В принципе, про Улю я мог сказать много. Она была одной из немногих людей в моей жизни, о которых я мог говорить долго. Но зачем десятки слов, когда ее можно описать одним?
— Идеальная.
— А зачем тогда я? — Ника пытливо взглянула на меня. — Потягаться с идеалом?
— А тебе бы хотелось?
— А есть хоть какой-то шанс победить?
— Если хочешь, можешь попробовать.
Только имей в виду, примой моего сердца стать гораздо сложнее, чем примой Императорского балета. Я бы даже сказал, что это невозможно — но одной девушке все-таки удалось.
— И как ты это делаешь? — прищурилась моя балерина, вертя в руке фарфоровую чашку. — Не с этого же вообще начали…
После ресторана я отвез свою прелестную спутницу обратно к ее дому на Невском. Машина остановилась во дворе, и на пару мгновений в салоне повисла тишина — лишь изящные пальцы рядом с тихим шелестом теребили красный подол.
— Зайти не хочешь? — наконец спросила Ника.
— Только если хочешь ты. Мы уже об этом говорили. Ты ничего мне не должна.
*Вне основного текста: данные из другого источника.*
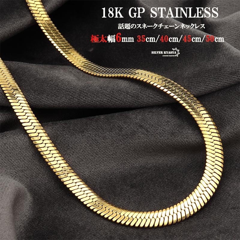 - (45cm) 18k gp ゴールド ワイドチョーカー 太め スネークチェーン ゴールド 金色 チェーン メタルチョーカー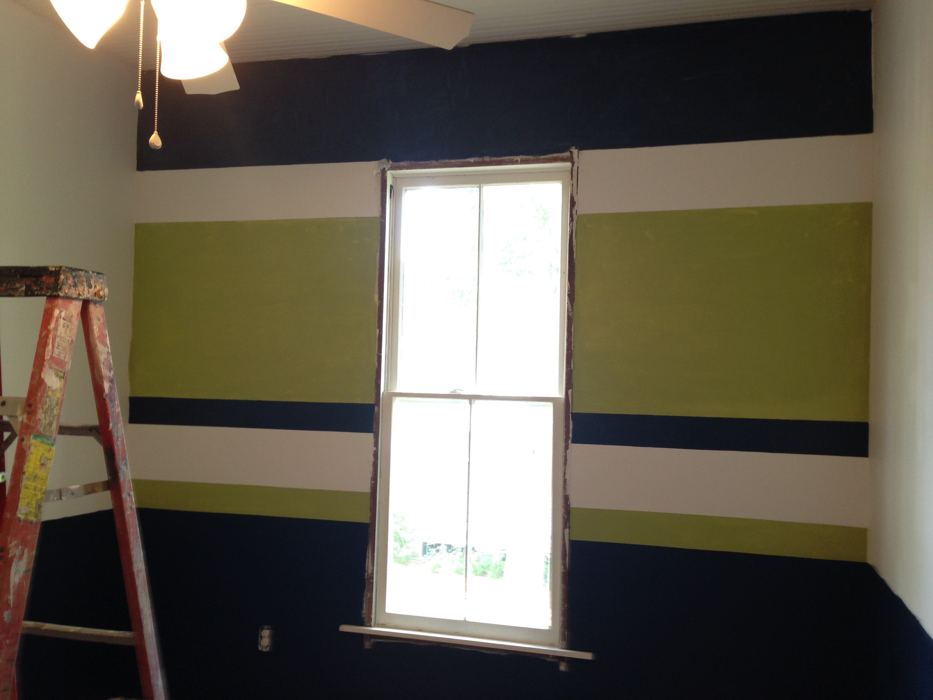 Have you seen the progress in Jacks room? The stripes are completed. The floor is painted. Baseboards has been installed. Door trim is up and everything is moving forward.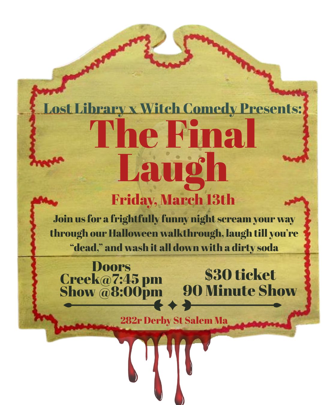 On the unluckiest night of the year, Salem summons something truly terrifying…. Stand up comedians. Join us in our black box theater for a horror-inspired comedy showcase featuring special guests as well as complimentary dirty soda from Shore Sips Co. featuring our premium vintage sodas. Expect dark humor, unlucky tales and slasher nostalgia. Use code FRIDAY13TH to get 13% off …

Взгляд голубых глаз в который раз за вечер замер на мне — когда-то давно он был холодным, сейчас же лучился теплом, местами даже обжигая.
— Вообще-то, — кокетливо протянула их обладательница, — я хотела показать тебе свою растяжку. Уверена, не все идеальные девушки так могут…
Ой, как кого-то зацепило. Что ж, с удовольствием посмотрю, чем ты меня хочешь впечатлить.
Должен признать, это действительно вышло впечатляюще. Стоны, казалось, витали по спальне и пару минут спустя, после того как мы закончили. Растяжка у нее была великолепной, поцелуи горячими, ласки увлеченными — с какими отдаются после долгого перерыва тем, о ком мечтали все это время. Секс получился невероятно сладким и был еще слаще от того, что все это делалось, чтобы понравиться мне как можно больше. Люблю, когда люди пытаются мне угодить — особенно девушки — особенно в постели.
— Ну как, — спросила Ника, едва отдышавшись рядом, — не хуже идеала?
Светлые локоны разметались по соседней подушке. Гибкое нежное тело все еще слегка подрагивало на смявшейся простыне, а красный след ее губ теперь украшал меня повсюду: лицо, шею, руки, живот и гораздо ниже.
Я поймал ее взгляд, подернувшийся легкой истомой — такой же приятно вымотанной ощущалась и ее душа во мне, чьи дрожь и трепет я чувствовал в самые пиковые моменты.
— Переезжай ко мне, — сказал я.
Светлая голова даже приподнялась с подушки.
— Зачем это тебе? — тихо спросила Ника.
— Я привык, что все мои люди рядом.
Она задумчиво прикусила губу.
— Да и разве тебе нравится жить одной?
Лично я еще не встречал людей, которым это нравится. А жить в моем доме ей ничего не мешало: скверна ей точно не навредит. Да и если подумать, частично она и так уже жила в моем доме — вместе со своей душой.
— А твоя девушка что скажет? — Ника плавно перекатилась со спины на бок и подперла голову локтем. — Она даже не пришла сегодня в ресторан. Ревнует?
Скорее боится. Что ты ее затмишь. Вот такая она у меня наивная.
— Когда в жизни происходят перемены, — заметил я, — всем нужно время. Так что подумай над моим предложением.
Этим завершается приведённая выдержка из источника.